Fraud/Misrepresentation Charge of Inadmissibility under INA §212(a)(6)(c) Vacated By U.S. Customs & Border Protection for Canadian Citizen
/Last week, we received a formal letter from U.S. Customs & Border Protection (CBP) confirming that the Expedited Removal Order that had been issued against our client had been modified to vacate the fraud/misrepresentation charge lodged against our client under INA §212(a)(6)(c), which is a huge success for our client and has significant ramifications for her future U.S. immigration options.

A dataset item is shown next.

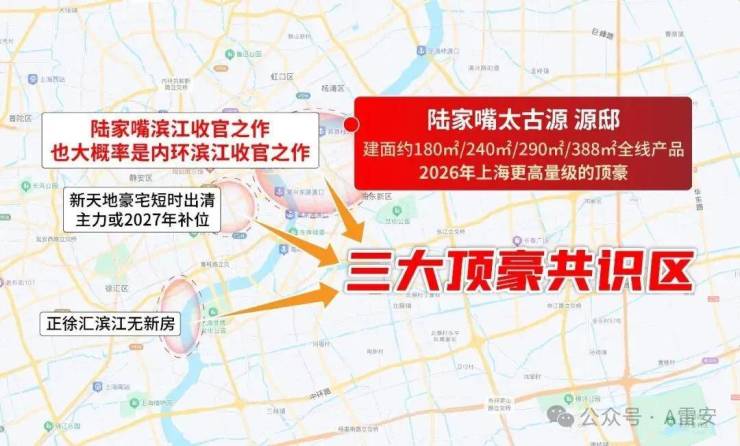 要知道,上海目前有三大顶豪共识区:新天地、徐汇滨江、陆家嘴。前两者今年预计无新房入市,也就是说,陆家嘴太古源 源邸成为2026年上海量级更高、更具稀缺性的顶豪选择,是今年上海顶豪绝对“主角”。

In August 2010, our client, a Canadian citizen and former Chinese national, misrepresented to CBP that she was living in Canada, when in fact she had remained in the U.S. after being laid off from her H-1B position. Our client, an engineer, had first come to the United States in TN status and had eventually changed to H-1B status. Unfortunately, because of the weak economy, she was laid off from her sponsoring employer, which resulted in her losing her H-1B status. Instead of returning to Canada, our client remained in the U.S. in hopes of securing new employment, which she was able to do. However, since she had failed to maintain her non-immigrant status, she was ineligible to change her to status to TN from within the U.S. and needed to depart the U.S. and apply for admission in TN status at a Port of Entry.
While our client was successfully able to obtain TN approval, it was during one of her attempts to re-enter the U.S. that she was issued a Expedited Removal Order under INA §212(a)(7)(A) and INA §212(a)(6)(c).